Ahmad Mestiri, ehemals Mitglied der Regierungspartei, gründete 1978 die MDS und schweißte die neue Partei in die größte Opposition gegen die RCD. Mit seinen vierzigtausend Mitgliedern bietet das MDS fast das gleiche Programm wie das RCD, nur dass es eher arabisch-nationalistisch und sozialistisch ist. Ismaïl Boulahya ist Generalsekretär.

Welpe

Unter der Leitung von Mohamed Belhaj Amor bietet das PUP ein nationalistisches und sozialistisches Programm an. Es splitterte 1981 von der MUP ab und wurde 1985 in Parti d'Unité Populaire (PUP) umbenannt. Amor wurde im Jahr 2000 von Mohamed Bouchiha gelungen.

Bewegung der Erneuerung

Generalsekretär Mohamed Harmel ist ein langjähriger Aktivist der Kommunistischen Partei. Die Bewegung nahm 1993 den Namen Mouvement Ettajdid (Arabisch, Harakat al-Tajdid) an und ließ den Namen Tunesische Kommunistische Partei (Parti Communiste Tunisien; PCT) fallen. Es folgt nun einer linken, nichtmarxistischen Ideologie, die eine Alternative für Linke und Intellektuelle bietet. Es bleibt eine kleine Partei, deren Mitgliederzahl irgendwo in den niedrigen Tausenden liegt.

Pdp

Der Anwalt Nejib Chebbi leitet die Progressive Democratic Party, die ehemalige Socialist Progressive Rally (RSP), die einen nationalistischen und sozialistischen Schwerpunkt hat. PDP-Führer sind bereit, alle gewaltfreien politischen Standpunkte bei nationalen Wahlen zu berücksichtigen. Die PDP strebt eine breitere Rolle Tunesiens in der arabischen Politik an. Als die kritischste der Oppositionsparteien angesehen, erhielt sie bei den Parlamentswahlen von 1999 keine Sitze in der Abgeordnetenkammer.

Udu

Abderrahmane Tlili gründete die Unionist Democratic Union (UDU). Es ist eng mit der Union Générale des Travailleurs Tunisiens (UGTT) verbunden, der größten Gewerkschaft des Landes. Eine hohe Konzentration von Gewerkschaftsmitgliedern bildet den Wahlkreis der UDU. Die UDU setzt sich sowohl für den arabischen Nationalismus als auch für die Friedensgespräche zwischen Israel und der PLO ein.

Psl

1993 wurde die Social Party for Progress (PSP) zur Socialist Liberal Party (PSL). Unter der Leitung von Mounir Beji, einem Anwalt, unterstützt die PSL den Liberalismus, die wirtschaftliche Privatisierung und die außenpolitischen Interessen der USA in der Region. Obwohl es als die schwächste juristische Partei angesehen wurde, erhielt es bei den Parlamentswahlen 1999 zwei Abgeordnete.

Fdtl

Das 1994 gegründete Demokratische Forum für Arbeit und Freiheiten (FDTL) wurde 2002 legalisiert. Sein Generalsekretär Mustapha Ben Jaafar, ein ehemaliger Führer des MDS, definiert seine Ideologie als sozialdemokratisch.
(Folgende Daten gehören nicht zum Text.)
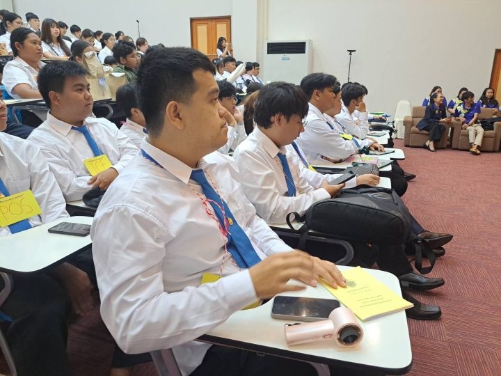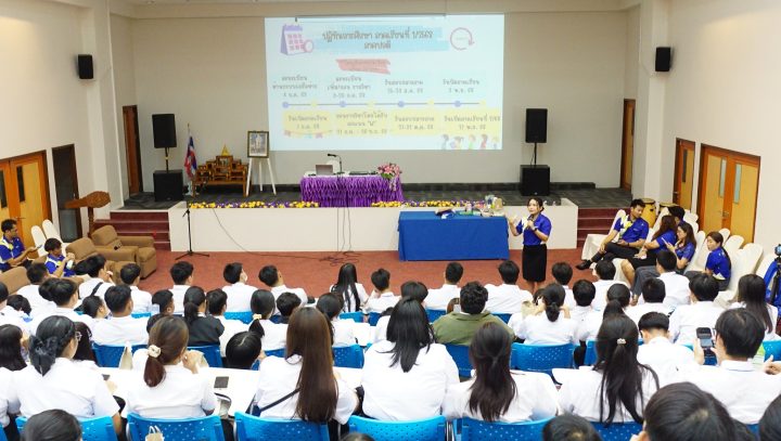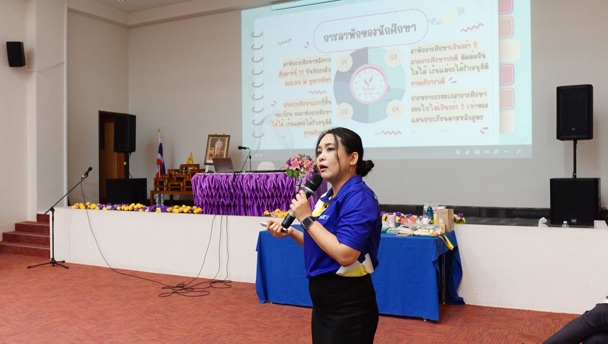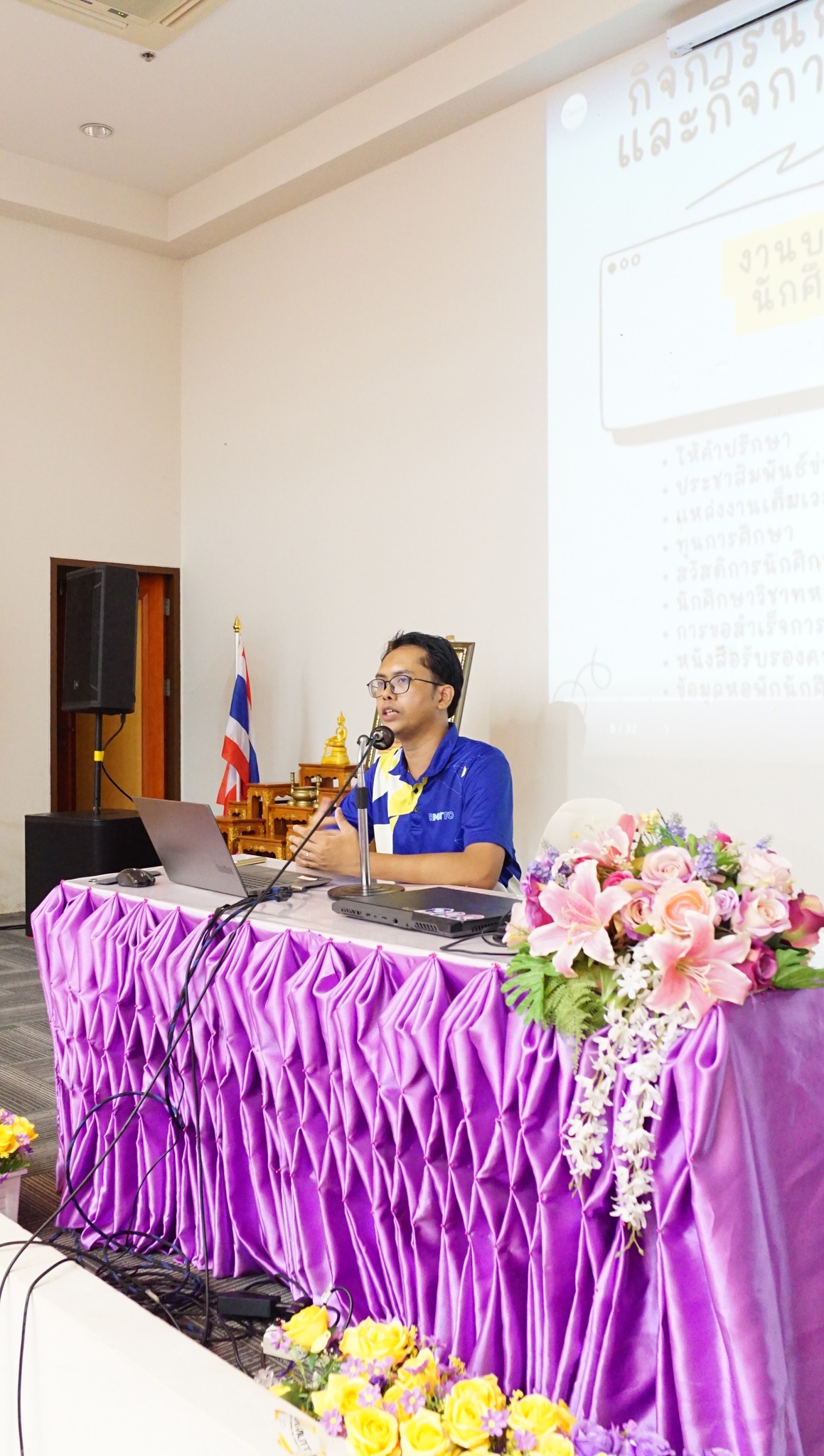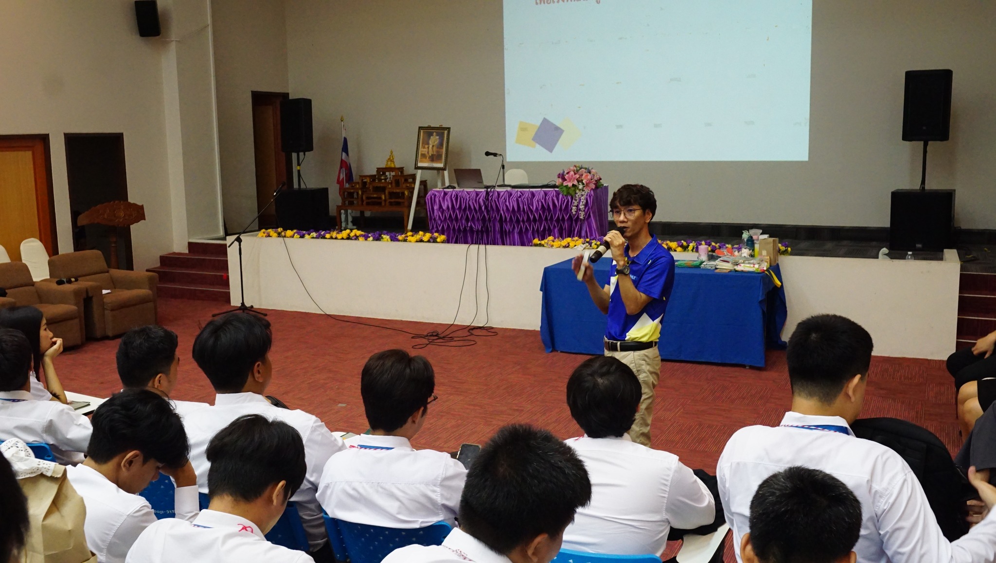 อ.ยศภัทร เรืองไพศาล ผู้ช่วยคณบดีด้านกิจกรรมนักศึกษา บรรยายแนะนำด้านกิจกรรมนักศึกษา

Seit 1993 wurden neue Gesetze eingeführt, um den politischen Pluralismus zu fördern. Dementsprechend teilen sich die legalen Oppositionsparteien ab 2003 34 von 182 Sitzen in der Abgeordnetenkammer. Die Ergebnisse der Parlamentswahlen von 1999 waren wie folgt: RCD, 148 Abgeordnete; MDS, 13; PUP, 7; UDU, 7; Ettajdid, 5; PSL, 2; PDP, 0.

Literaturverzeichnis

Murphy, Emma. Wirtschaftlicher und politischer Wandel in Tunesien: Von Bourguiba an Ben Ali. New York: St. Martin's Press in Zusammenarbeit mit der University of Durham, 1999.
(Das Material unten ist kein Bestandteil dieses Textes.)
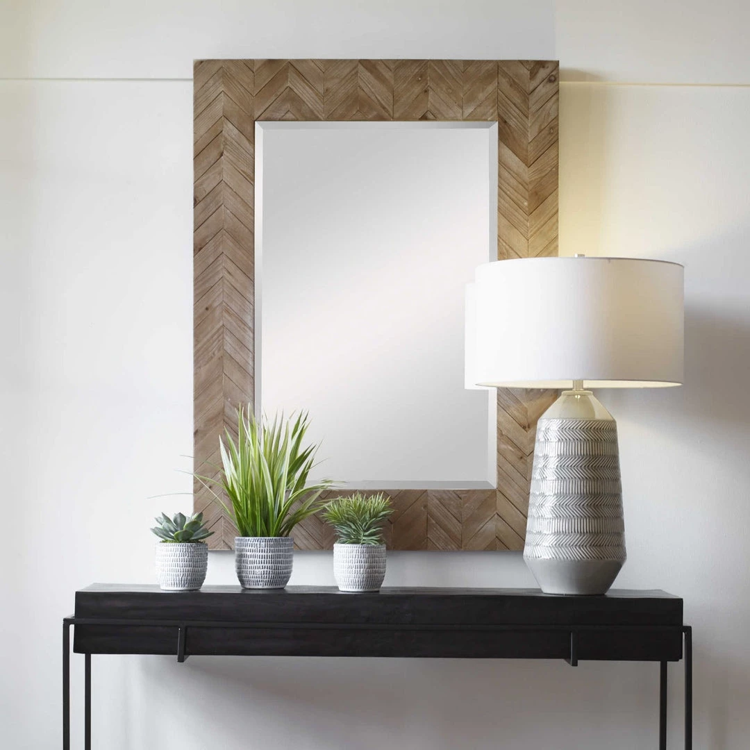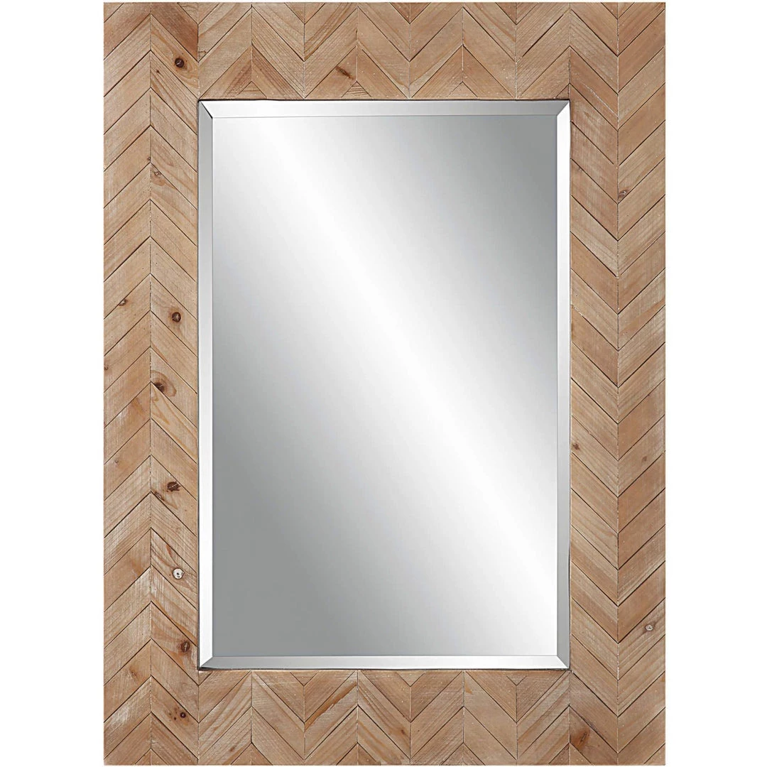 This mirror features a chevron patterned, natural pine wood frame finished with a light gray glaze. Mirror has a generous 1 1/4″ bevel.

Nelson, Harold D., Hrsg. Tunesien: Eine Länderstudie, 3D-Ausgabe. Washington, DC: Druckerei der US-Regierung, 1986.

Perkins, Kenneth J. Historisches Wörterbuch von Tunesien. Metuchen, NJ: Scarecrow Press, 1989.

Zartman, I. William, ed. Tunesien: Die politische Ökonomie der Reformen. Boulder, CO: L. Rienner, 1991.